As is depicted in Table 1, the constellation points in the 2-D constellation diagram of different modulation formats render different clustering distributions in Stokes space, which demonstrates the fact that the Stokes sectional images can incarnate the information of different modulation formats. Moreover, the m-PSK signals have only one distribution plane, the S₂-S₃ plane, while the m-QAM signals have multiple distribution planes owing to the fact that m-QAM signals contain not only phase information but also amplitude information [16]. One of the sectional images is a longitudinal S₁-S₂ sectional image reflecting the signal amplitude information while the other transverse S₂-S₃ sectional image shows the phase information of the optical signals. After power normalization and Stokes mapping, we intercept two specific sectional planes in Poincaré sphere with the corresponding OSNR label as the input data of the neural network. A sample of the signal can be transformed into an image with 64 × 64 pixels. The region of each cross-section is divided into a sub-region grid of 64 rows and 64 columns, and the number of clustering points under each sub-region is calculated. Then, the number of constellation points in each subregion is normalized by dividing by the maximum number of all subregions.

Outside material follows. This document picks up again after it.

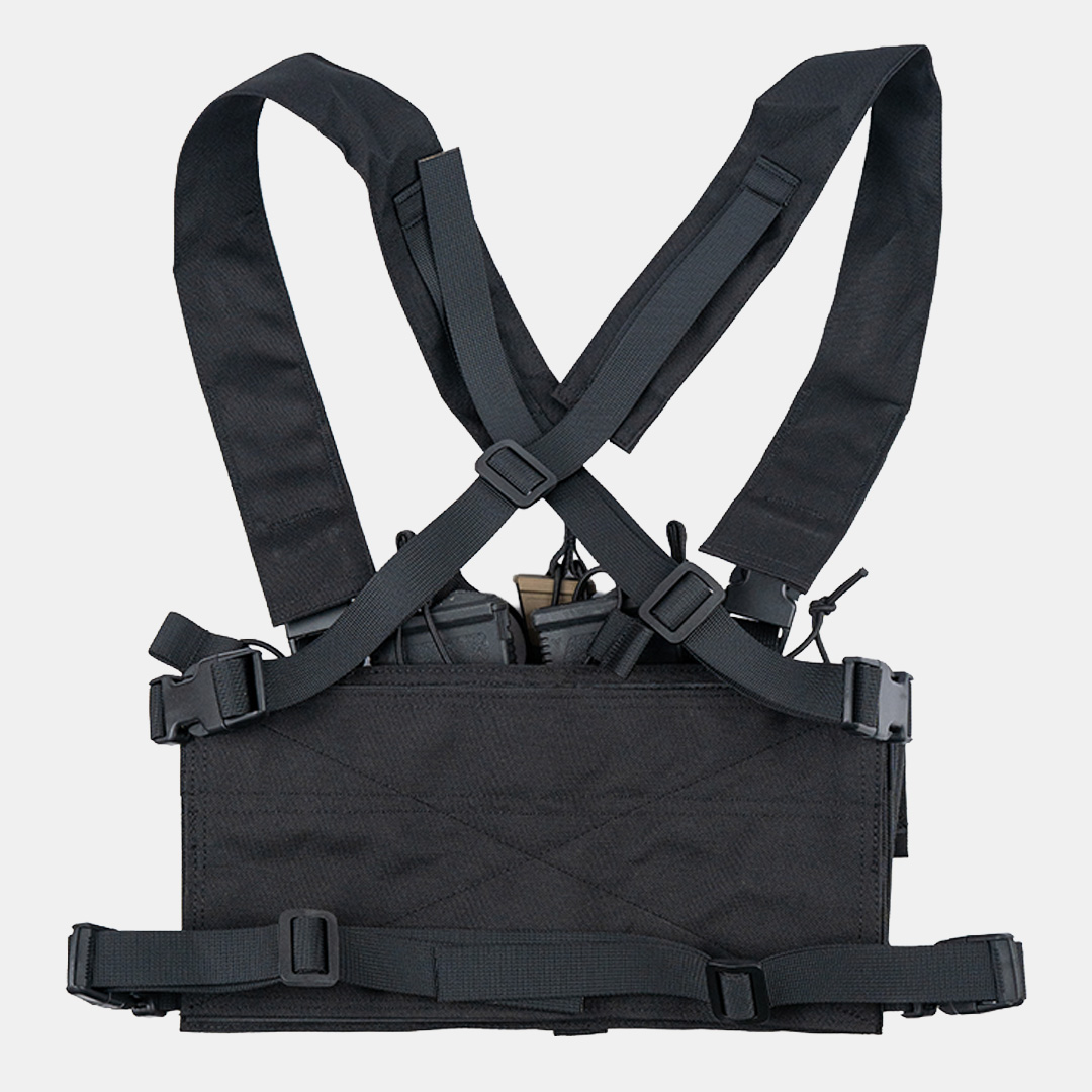 Das komfortable X-Harness sorgt für einen stabilen Sitz am Körper und eine gleichmäßige Gewichtsverteilung. Durch das leichte und offene Design ist der Chest Rig atmungsaktiver als ein Plate Carrier und bietet hohen Tragekomfort bei längeren Spielen.
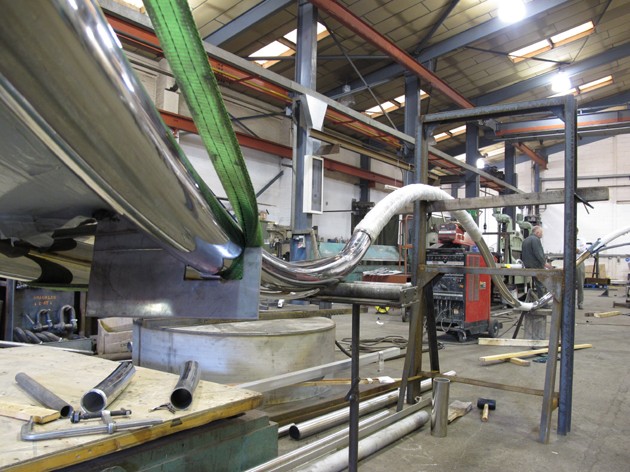 The concept has been developed in close collaboration with architect Richard MacCormac and landscape designer Christine Facer. The geometry of the sculpture has been devised to harmonise with the topography of the garden, providing an interplay with the grassed areas. At one point the form divides, branching off into a sigmoid curve. The serpentine, mirror polished forms reflect the imagery of grass, sky and surrounding trees.

Finally, we take the normalized value of each subregion as the gray value of the corresponding pixels in the image with a size of 64 × 64 to get the feature images. Two images are combined so the dimension of input data is 64 × 128.

Table 1. Stokes sectional images of different modulation format signals

View Table

2.2 Lifelong learning for all OPM tasks in SDM-EONs

Multifarious machine learning methods have been applied to solve the OPM tasks for SDM-based optical networks, such as transfer learning (TL) [17] and artificial neural network (ANN) [18]. Nevertheless, TL merely focuses on the tasks in the target domain and the neural network after knowledge transferred cannot show the same performance on the source domain as before. A majority of neural network models rely on the labeled training samples currently. Once the condition of the channel has changed or switching to the OPM task of a new channel, network parameters need to be retrained in the whole dataset to adapt to the changes in data distribution, resulting in the performance of the previously learned task being reduced by learning the new OPM task [14]. The traditional approach for these tasks is to fine-tune the base neural network with training data for new tasks. However, this methodology suffers from catastrophic forgetting notoriously [19]. The phenomenon usually leads to severe performance of the neural network drop on old tasks and the alternative means, training from scratch with the combination of old and new data, may require plenty of computation and storage resources on old dataset.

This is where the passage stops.